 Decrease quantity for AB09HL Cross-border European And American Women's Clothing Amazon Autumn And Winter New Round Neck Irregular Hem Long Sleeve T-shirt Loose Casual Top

==

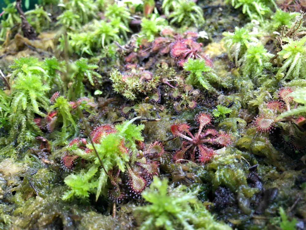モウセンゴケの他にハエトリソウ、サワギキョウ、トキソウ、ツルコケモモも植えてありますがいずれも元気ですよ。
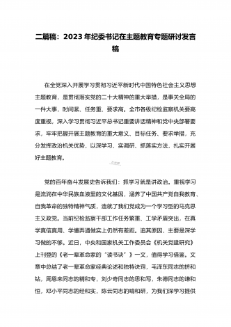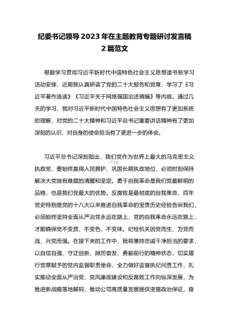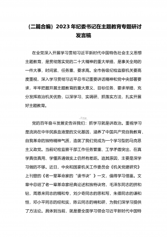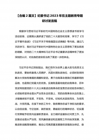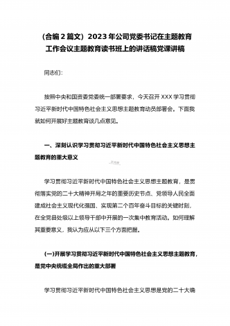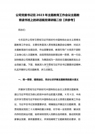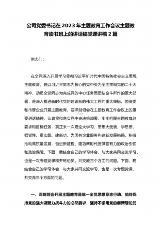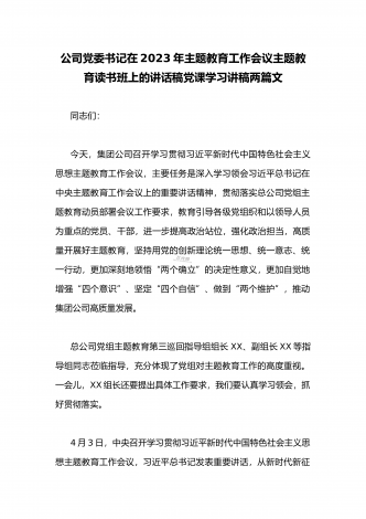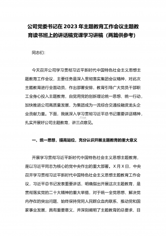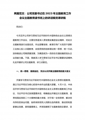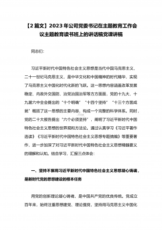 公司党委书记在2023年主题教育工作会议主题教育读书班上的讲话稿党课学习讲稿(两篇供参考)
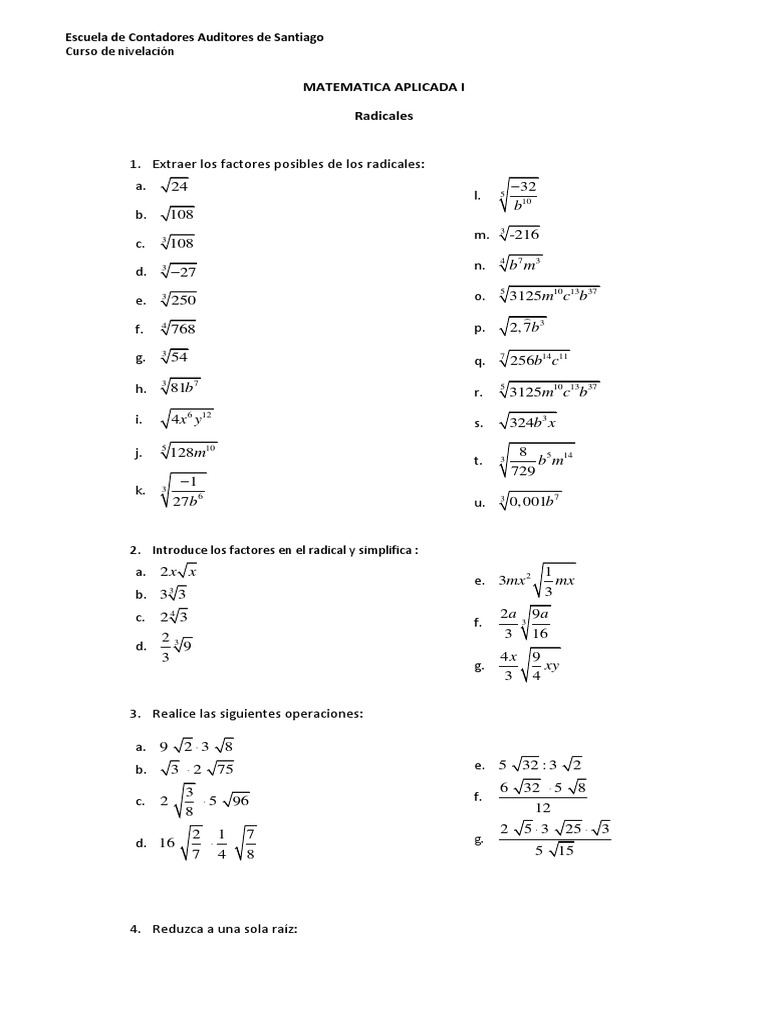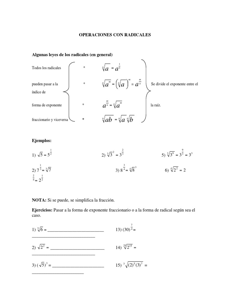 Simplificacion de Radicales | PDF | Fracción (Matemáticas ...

WHAT TO PRODUCE >> From the data above, retype only the lines starting with the line with "公司党委书记在2023年主题" and going on through the line with "Simplificacion de Radicales", exactly, leaving out the pictures.

ANSWER SPACE >>
 公司党委书记在2023年主题教育工作会议主题教育读书班上的讲话稿党课学习讲稿(两篇供参考)
 Simplificacion de Radicales | PDF | Fracción (Matemáticas ...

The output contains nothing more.